* _Exercise aim_
Within the entries below, please retype exactly the lines starting with the line that has "Sistemul de colectare" and going on through the line that has "New Seamless Sportswear", but not the pictures.

* _Information shown_
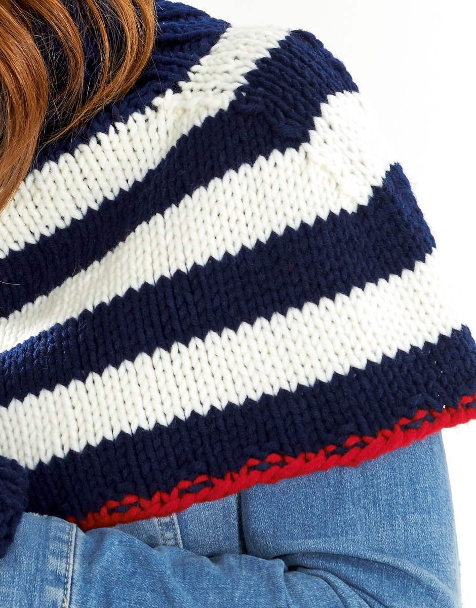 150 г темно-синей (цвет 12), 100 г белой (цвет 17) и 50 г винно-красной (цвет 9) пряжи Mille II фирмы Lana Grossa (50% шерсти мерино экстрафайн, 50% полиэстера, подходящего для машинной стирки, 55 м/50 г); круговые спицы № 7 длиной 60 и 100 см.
...
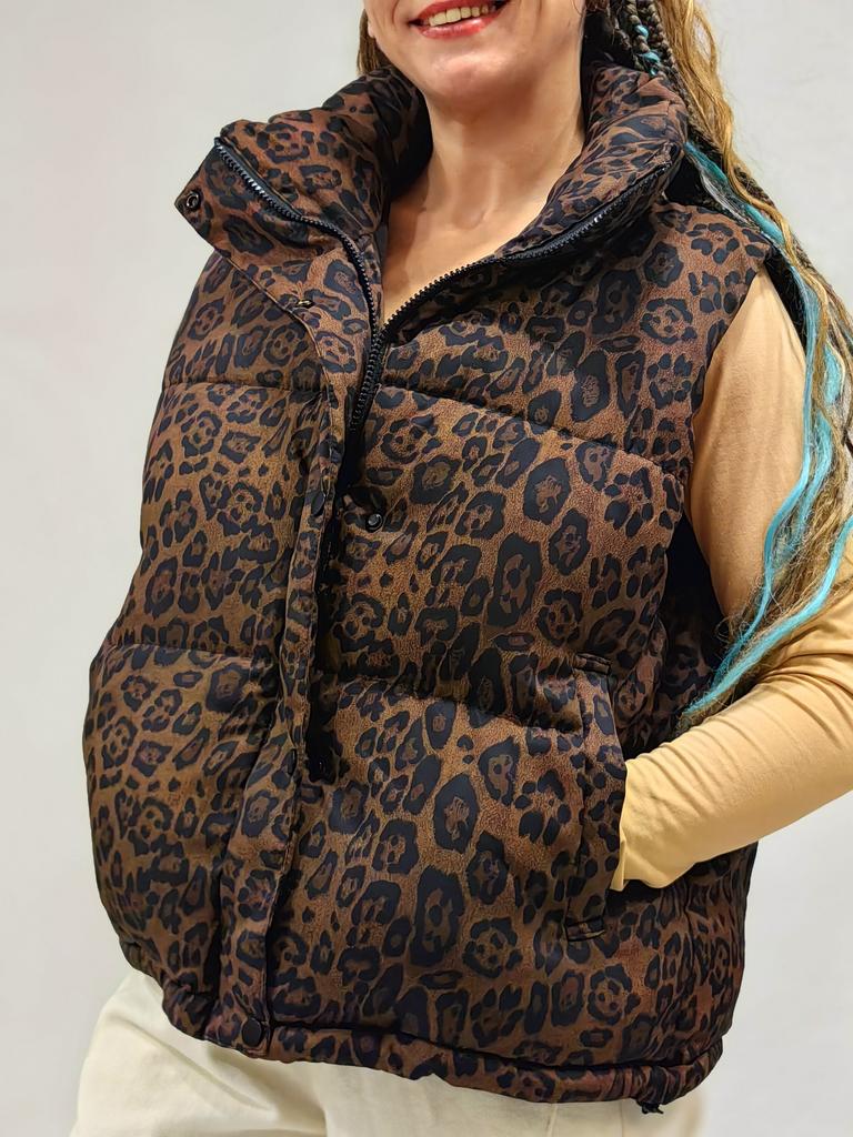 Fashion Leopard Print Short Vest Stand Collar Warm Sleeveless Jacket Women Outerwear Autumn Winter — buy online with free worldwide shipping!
==
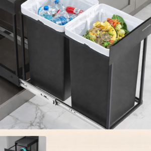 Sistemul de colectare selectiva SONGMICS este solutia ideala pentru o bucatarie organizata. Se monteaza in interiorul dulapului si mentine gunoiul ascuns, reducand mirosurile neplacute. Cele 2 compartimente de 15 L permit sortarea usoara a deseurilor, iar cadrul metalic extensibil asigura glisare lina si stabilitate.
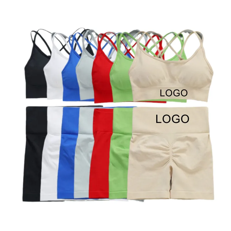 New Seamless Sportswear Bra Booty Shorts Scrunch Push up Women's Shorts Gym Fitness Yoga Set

* _Written answer_
 Sistemul de colectare selectiva SONGMICS este solutia ideala pentru o bucatarie organizata. Se monteaza in interiorul dulapului si mentine gunoiul ascuns, reducand mirosurile neplacute. Cele 2 compartimente de 15 L permit sortarea usoara a deseurilor, iar cadrul metalic extensibil asigura glisare lina si stabilitate.
 New Seamless Sportswear Bra Booty Shorts Scrunch Push up Women's Shorts Gym Fitness Yoga Set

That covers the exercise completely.